La Unidad Central Operativa (UCO) de la Guardia Civil ha detenido a la considerada ‘fontanera’ del PSOE Leire Díez y al expresidente de la SEPI (Sociedad Estatal de Participaciones Industriales), Vicente Fernández, en el transcurso de una investigación sobre contratos públicos bajo sospecha. Los arrestos han provocado un nuevo terremoto político, el enésimo contra el presidente del Gobierno, Pedro Sánchez, y que llega justo cuando se están conociendo graves casos de presunto acoso sexual de políticos socialistas. La tensión, pues, es máxima, y el desgaste del Gobierno llega a límites impensables hasta hace poco. Los delitos que se les imputan a Díez y Fernández, en un principio, son falsedad documental, fraude, malversación de fondos públicos, tráfico de influencias y prevaricación. La investigación judicial, que no está cerrada, se encuentra bajo secreto de sumario y ha sido dirigida por el Juzgado Central de Instrucción número 6 de la Audiencia Nacional en colaboración con la Fiscalía Anticorrupción. A esto se suma, además, la detención del presidente de la aerolínea Plus Ultra que el Gobierno de Sánchez rescató en tiempos de pandemia de coronavirus.
Sospechas.
Leire Díez, que llegó a sostener ante la prensa en una comparecencia delirante que todo lo que hacía era para una investigación periodística, trabajó en una empresa tecnológica y ahora se indaga si tuvo acceso a contratos públicos. Fernández, por su parte, está considerado como uno de los hombres de confianza de la actual vicepresidenta y ministra de Hacienda, María Jesús Montero. Montero, por su parte, este jueves se pronunció siguiendo la línea de su líder, Pedro Sánchez, negando la mayor y afirmando que no conocía Servinabar, desmarcándose del expresidente de la SEPI y diciendo que está tranquila sobre las declaraciones que pueda efectuar la ‘fontanera’ en sede judicial.
Pedro Sánchez se esconde.
Los investigadores están rastreando los vínculos de ambos relacionados también con la constructora Servinabar y las adjudicaciones de obras públicas bajo sospecha.
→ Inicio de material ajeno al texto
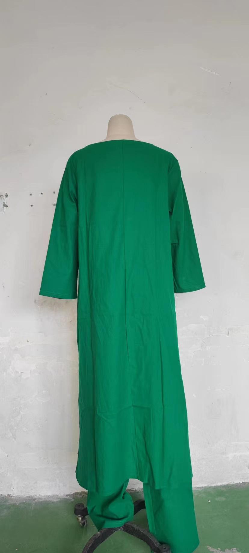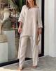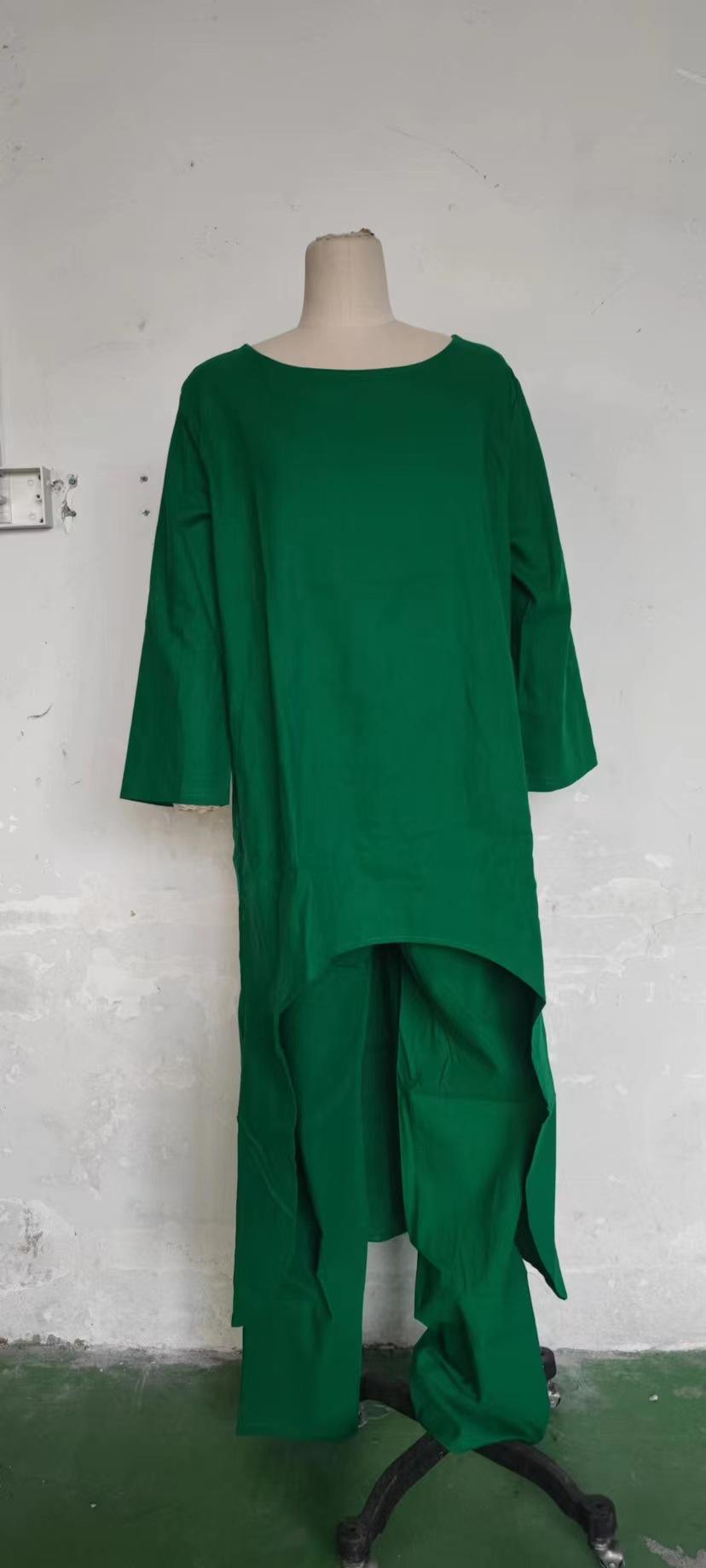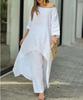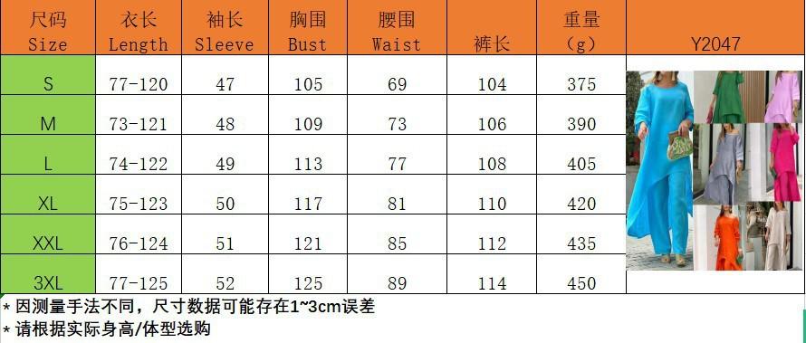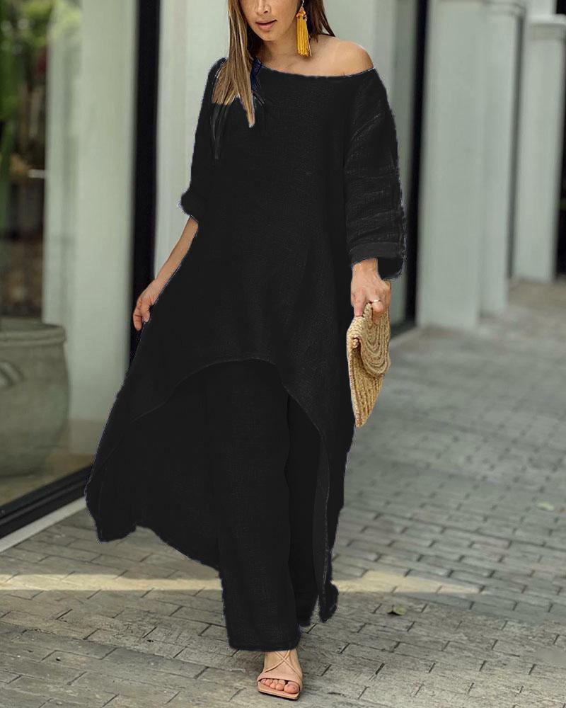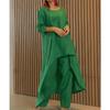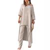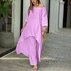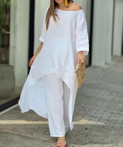 Conjunto de dos piezas de algodón y lino para mujer, moda europea y americana, informal, de talla grande, irregular, de manga larga, con pantalones de pierna ancha

Santos Cerdán, secretario de Organización de los socialistas que acabó en prisión por presunta corrupción, pagaba con la Visa de Servinabar. A esto se suma el registro que la UCO ha empezado por empresas como Forestalia. El círculo, pues, se va cerrando y los frentes judiciales se le multiplican al Gobierno. De momento Sánchez apuesta por resistir, escondiéndose para evitar dar explicaciones.